Supplied data >>
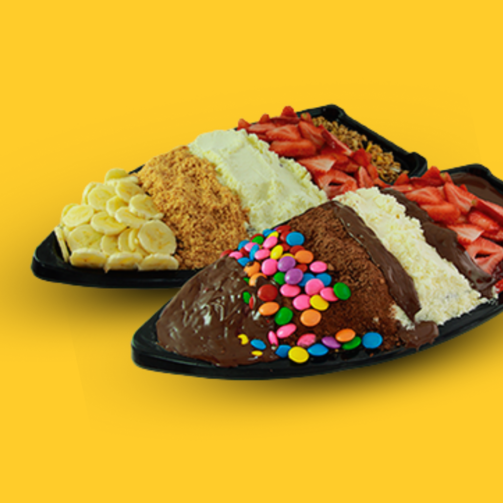 🍧 Escolha a base, frutas, cremes para criar a combinação perfeita! 💜🍓🍌🥥✨
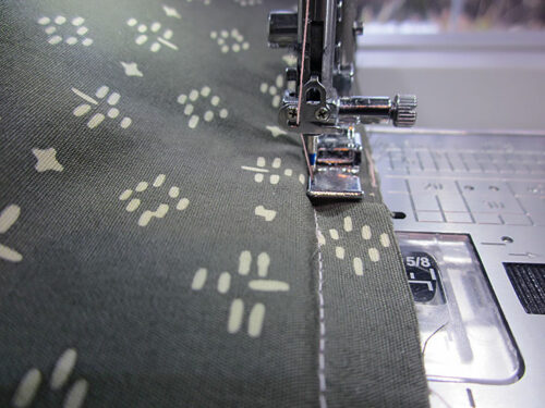 - Using an approximate ½” seam allowance, stitch the two short seams through all the layers. We say “approximate” because your goal is to stitch just beyond the zipper stops at the top and bottom, which might be slightly narrower or wider than ½”.
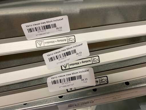 Include coltelli Vario, 60 e 80 cm, tutti in 1 sezione a cremagliera.

Task prompt >> Repeat the data exactly, dropping every picture it holds.

Expected output >>
 🍧 Escolha a base, frutas, cremes para criar a combinação perfeita! 💜🍓🍌🥥✨
 - Using an approximate ½” seam allowance, stitch the two short seams through all the layers. We say “approximate” because your goal is to stitch just beyond the zipper stops at the top and bottom, which might be slightly narrower or wider than ½”.
 Include coltelli Vario, 60 e 80 cm, tutti in 1 sezione a cremagliera.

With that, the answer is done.